Nichts ist mehr, wie es war

Quelle: www.faz.net Text: Lisa Zeitz am 02.Mai 2009

Das großartige Selbstporträt des verkaterten Martin Kippenberger auf dem Cover des Sotheby’s-Katalogs für die New Yorker Abendauktion am 12. Mai lässt sich als ironischer Kommentar zur Lage lesen: Die Party ist vorbei, es lebe der Antiheld. Die Auktion zeitgenössischer Kunst bei Sotheby’s umfasst 49 Lose und ist auf rund 52 bis 72 Millionen Dollar geschätzt; das bedeutet einen krassen Unterschied zur Frühjahrsauktion 2008, als hier 83 Lose für 362 Millionen Dollar verkauft wurden und Sotheby’s damit das beste Ergebnis in der Geschichte des Hauses feiern konnte.

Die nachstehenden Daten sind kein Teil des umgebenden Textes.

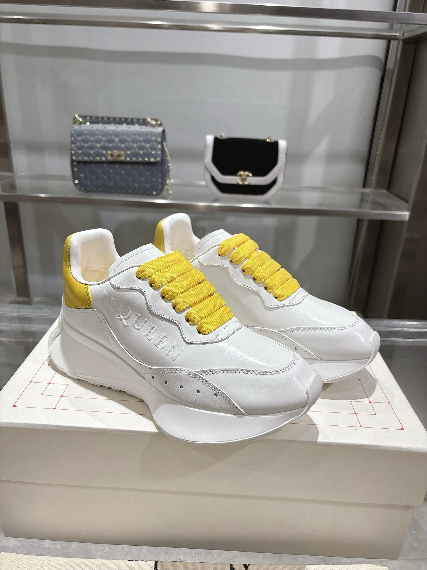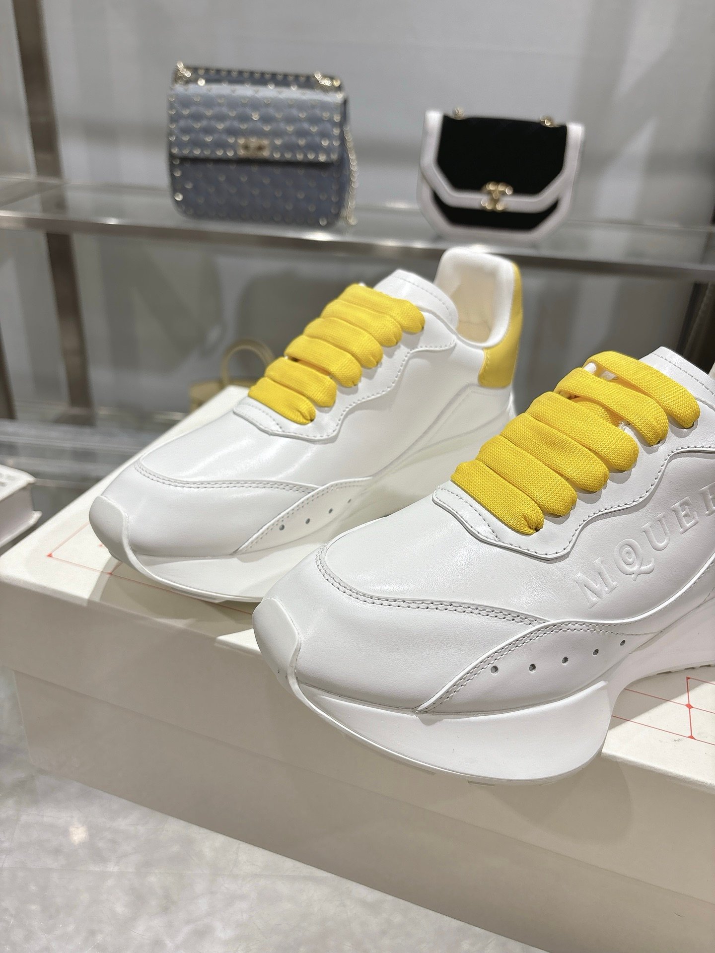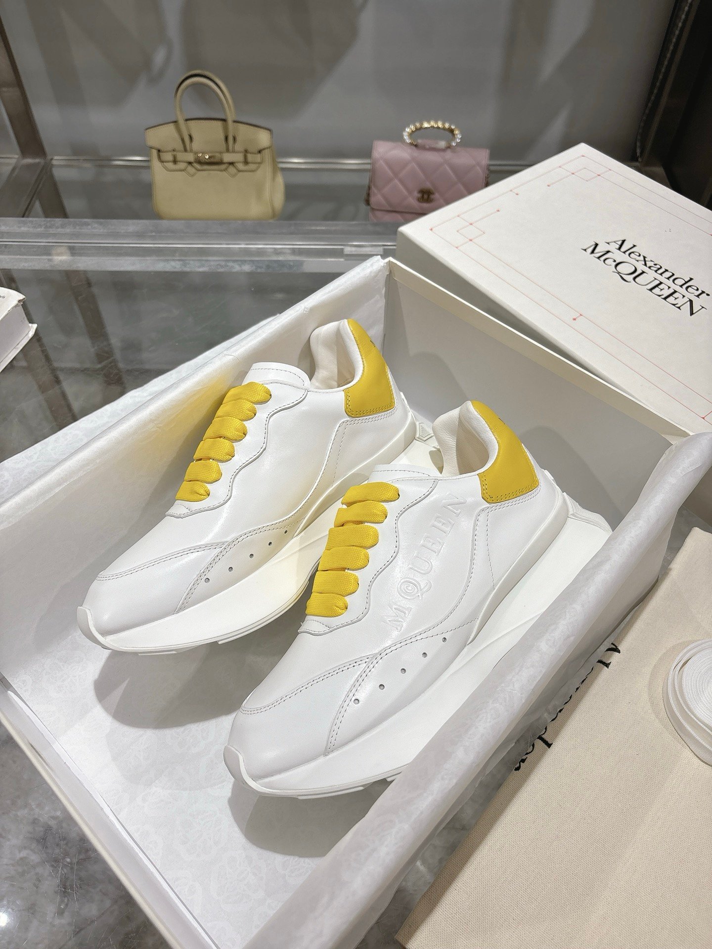 The fresh white-and-yellow colorway pairs effortlessly with jeans, dresses, or tailored outfits, making it a versatile wardrobe staple. Whether styled with streetwear or minimalist ensembles, these McQueen sneakers elevate casual wear with iconic design and premium craftsmanship.

Kürzlich hat das Auktionshaus erklärt, dass die weltweit 1700 Mitarbeiter nach einer Entlassungswelle von fünfzehn Prozent dieses Jahr noch einmal um fünf Prozent reduziert werden. Christie’s erwartet am 13. Mai für 54 Lose 71 bis 104 Millionen Dollar, das sind nur drei Lose weniger als im vergangenen Mai, aber der Umsatz wird nur noch auf rund ein Drittel angesetzt. Während es schwieriger geworden ist, die Auktionskataloge zu bestücken, haben sowohl Sotheby’s als auch Christie’s verlauten lassen, dass sich das Geschäft mit „Privates Sales“ in den vergangenen Monaten mehr als verdoppelt habe.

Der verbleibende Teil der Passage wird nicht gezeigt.